## The data
↓↓↓
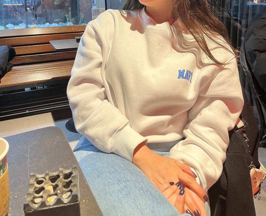 Beyaz, bisiklet yaka, uzun kollu, bol kesim sweatshirt. Denim görünümlü kumaş ve pastel baskı ile günlük rahat stil sunar.
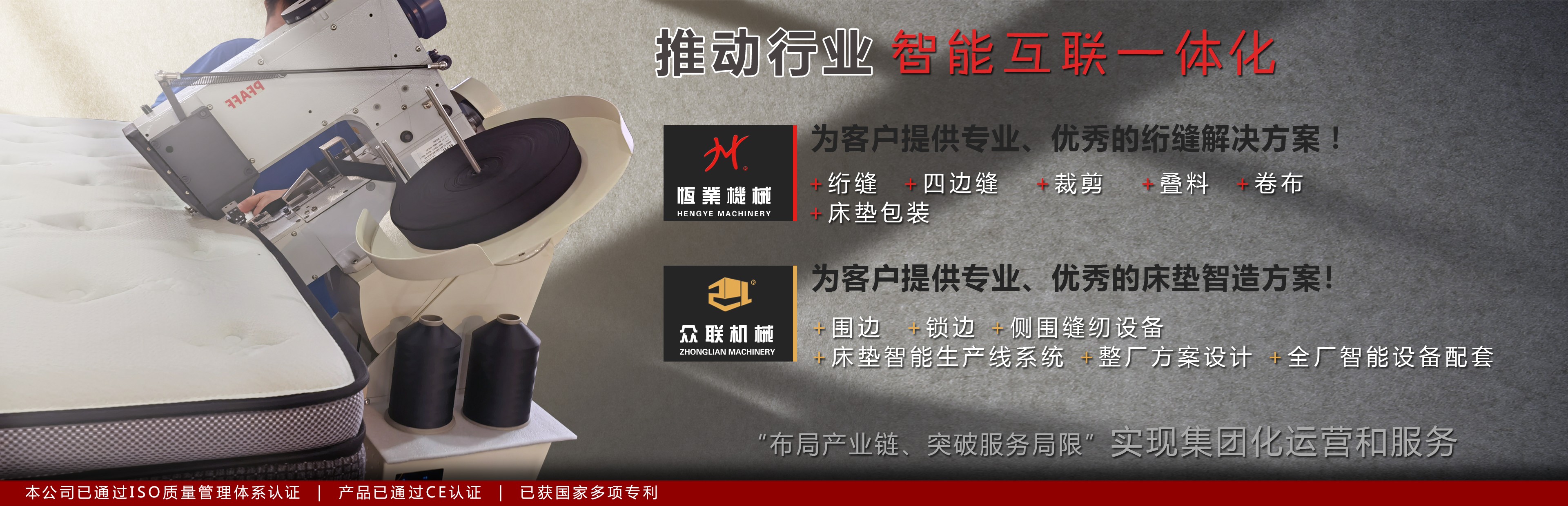 始于1991年,我們一直專注研發(fā)制造絎縫設(shè)備.為客戶提供專業(yè),優(yōu)秀的床墊&家紡智造方案!
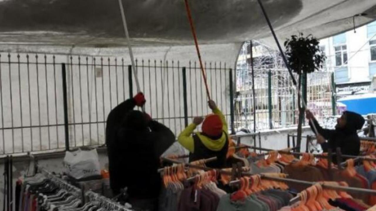 İstanbul'da etkisini gösteren kar yağışı pazarcılara da zor anlar yaşattı. Avcılar'da bir anda bastıran kara karşı olarak tezgahlarını yeni açan pazarcılar, brandaların üzerini temizlemek için sopalarla sık sık müdahale etmek zorunda kaldı.
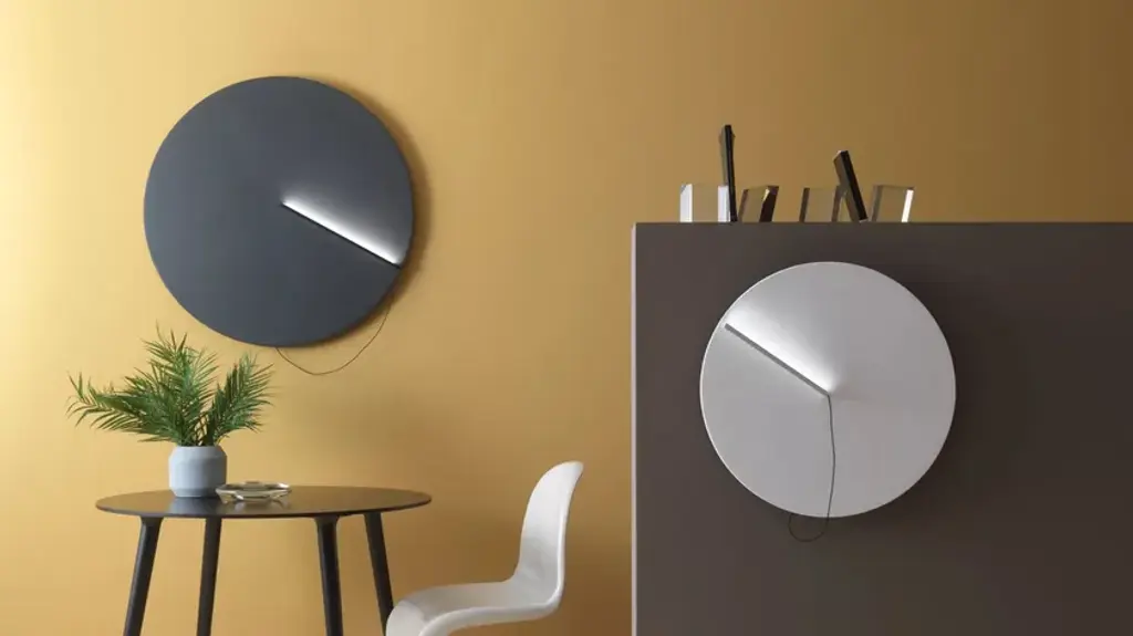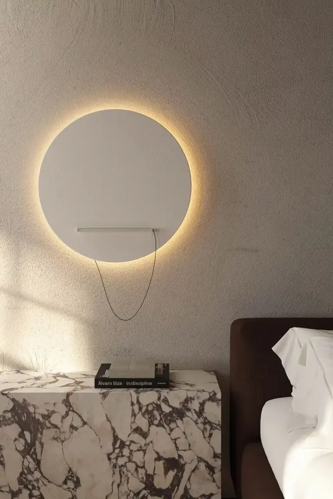 MERIDIUM is a circular wall lamp made for metal.t's about of a collection of lamps inspired by ancient sundials: the solar clock reappears as a lighting object for interior. The new context subverts the relationship between shadow and light: the dial turns into a disk and the gnomon gives way to a metal profile, which itself becomes a light vector. The end-user is becoming master and creator of his own lamp, moving the magnetic light source at will to direct the flow and create ever-changing light and shade effects on the surface of the lamp. Meridium is also available in the Blackboard finish, which can be written with normal chalks.Light Source:-LED 2W + 16W 280Lm + 1287lm 3000k-LED 3W + 26W 330Lm + 2149lm 3000k-LED 4W + 32W 420Lm+ 2574lm 3000k-LED 8W + 58W 750Lm + 3970lm 3000k-LED 10W + 75W 950Lm + 6000lm 3000kDimming:-PUSHON/OFF power supply included in the deviceCable colour:-Black
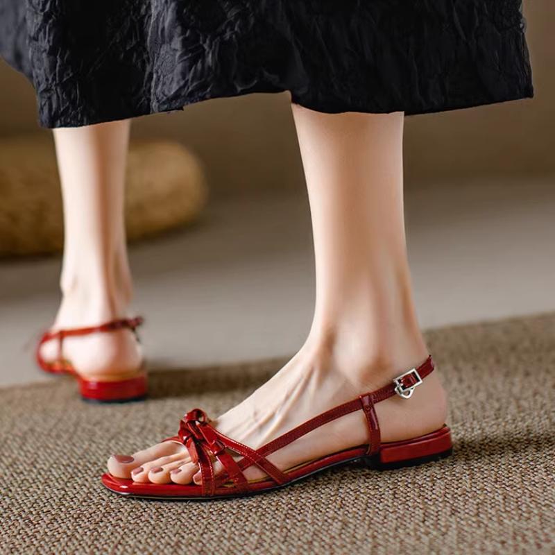 Мода 2025 Лето Повседневные Балетки Сандалии Ретро Простые С Открытым Носком Красная Кожа Плетеный Ремешок Сандалии Женская Вечерняя Обувь Sandalias De Mujer
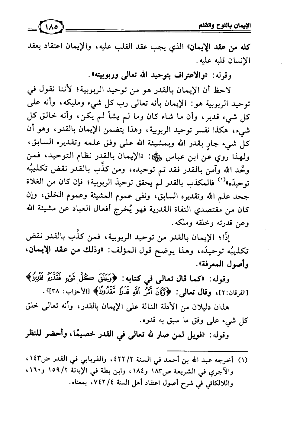 لاحظ أن الإيمان بالقدر هو من توحيد الربوبية؛ لأننا نقول في توحيد الربوبية هو: الإيمان بأنه تعالى رب كل شيء ومليكه، وأنه على كل شيء قدير، وأن ما شاء كان وما لم يشأ لم يكن، وأنه خالق كل شيء، هكذا نفسر توحيد الربوبية، وهذا يتضمن الإيمان بالقدر، وهو أن كل شيء جارٍ بقدر الله وبمشيئة الله على وفق علمه وتقديره السابق، ولهذا روي عن ابن عباس رضي الله عنهما: (الإيمان بالقدر نظام التوحيد، فمن وحَّد الله وآمن بالقدر فقد تم توحيده، ومن كذَّب بالقدر نقض تكذيبُه توحيده) (¬1) فالمكذب بالقدر لم يحقق توحيدَ الربوبية؛ فإن كان من الغلاة جحد علم الله وتقديره السابق، ونفى عموم المشيئة وعموم الخلق، وإن كان من مقتصدي النفاة القدرية فهو يُخرج أفعال العباد عن مشيئة الله وعن قدرته وخلقه وملكه.
↑↑↑
Above are the records; return the lines in them from the one with "始于1991年,我們一直專注" to the one with "Мода 2025 Лето", inclusive, exactly and without images.

## Solution for this problem
 始于1991年,我們一直專注研發(fā)制造絎縫設(shè)備.為客戶提供專業(yè),優(yōu)秀的床墊&家紡智造方案!
 İstanbul'da etkisini gösteren kar yağışı pazarcılara da zor anlar yaşattı. Avcılar'da bir anda bastıran kara karşı olarak tezgahlarını yeni açan pazarcılar, brandaların üzerini temizlemek için sopalarla sık sık müdahale etmek zorunda kaldı.
 MERIDIUM is a circular wall lamp made for metal.t's about of a collection of lamps inspired by ancient sundials: the solar clock reappears as a lighting object for interior. The new context subverts the relationship between shadow and light: the dial turns into a disk and the gnomon gives way to a metal profile, which itself becomes a light vector. The end-user is becoming master and creator of his own lamp, moving the magnetic light source at will to direct the flow and create ever-changing light and shade effects on the surface of the lamp. Meridium is also available in the Blackboard finish, which can be written with normal chalks.Light Source:-LED 2W + 16W 280Lm + 1287lm 3000k-LED 3W + 26W 330Lm + 2149lm 3000k-LED 4W + 32W 420Lm+ 2574lm 3000k-LED 8W + 58W 750Lm + 3970lm 3000k-LED 10W + 75W 950Lm + 6000lm 3000kDimming:-PUSHON/OFF power supply included in the deviceCable colour:-Black
 Мода 2025 Лето Повседневные Балетки Сандалии Ретро Простые С Открытым Носком Красная Кожа Плетеный Ремешок Сандалии Женская Вечерняя Обувь Sandalias De Mujer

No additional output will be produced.